The month-long Australasian Antarctic Expedition is following in the footsteps of explorer and scientist Sir Douglas Mawson, one century on.
Central Otago woman Nicole Kerr is one of the crew members.
Omakau-raised Ms Kerr was on board the Akademik Shokalski as a chef.
The ship had been on a multi-day tour from New Zealand to visit several sites along the edge of Antarctica.The Australian Maritime Safety Authority (AMSA) received a distress call on this morning, notifying the rescue co-ordination centre that the ship was trapped in ice and would need help.
It is not known how long the ship has been unable to break free from the ice floes.

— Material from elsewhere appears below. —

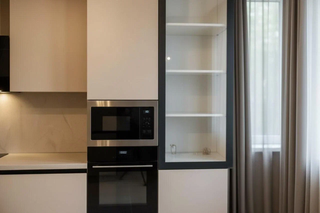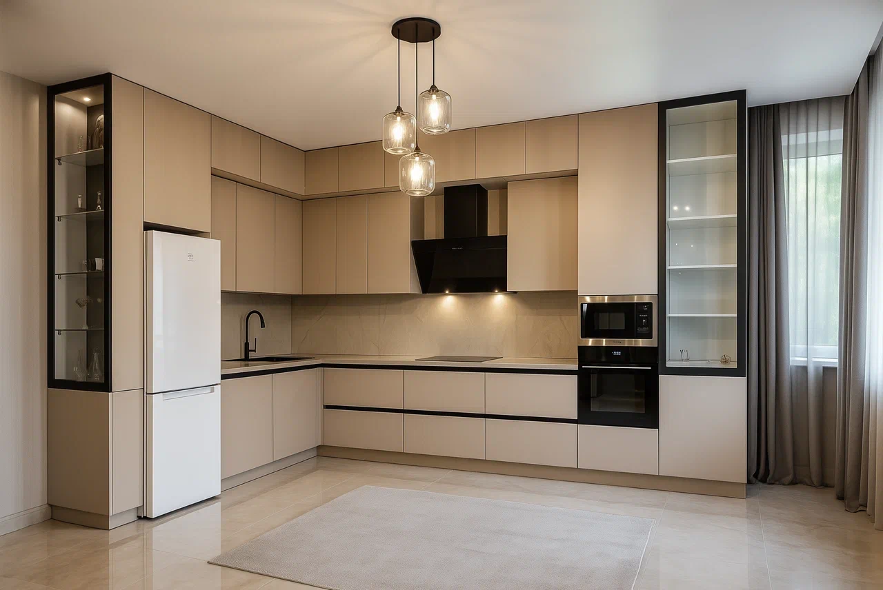 Фурнитура Blum с выкатными механизмами Тандембокс обеспечивает плавное и надёжное открытие шкафов. Кухня дополнена чёрной стальной мойкой, смесителем и подсветкой витрины для удобства и выразительного светового акцента.
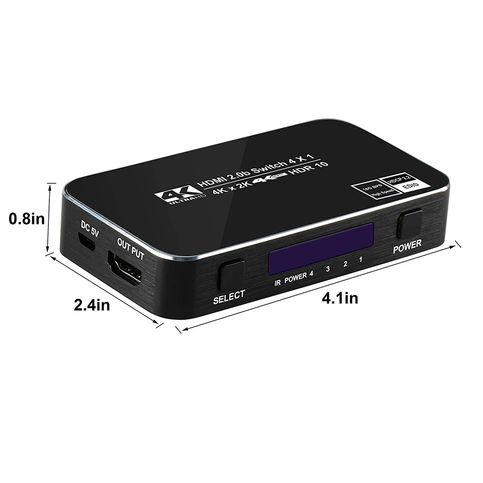 El conmutador HDMI es un conmutador HDMI 2,0 4K HDMI de 4 puertos para su última configuración de juegos y cine en casa. Admite 4 entradas HDMI y 1 salida HDMI, lo que permite HDMI 2,0 y HDCP 2,2, junto con 4K Ultra HD y compatibilidad en todos los HDMI.

An AMSA spokeswoman said three ships had been sent to assist but it would take at least two days for the nearest vessel to reach the remote location - about 1500 nautical miles south of Hobart.
"It's in quite a remote part of the world," she said.
"But we have everyone safe. The vessel isn't in any immediate danger."
The Russian-built ship, the MV Akademik Shokalskiy, had been on a tourist trip with about 50 passengers onboard and 20 crew members.
Before leaving Bluff, The Australasian Antarctic Expedition leader professor Chris Turney said scientists and science- lovers paid their own way on the trip, which would help get the public excited about science by "blending science and adventure".
It was to be a month-long and two-leg journey, which could be followed online at spiritofmawson.com.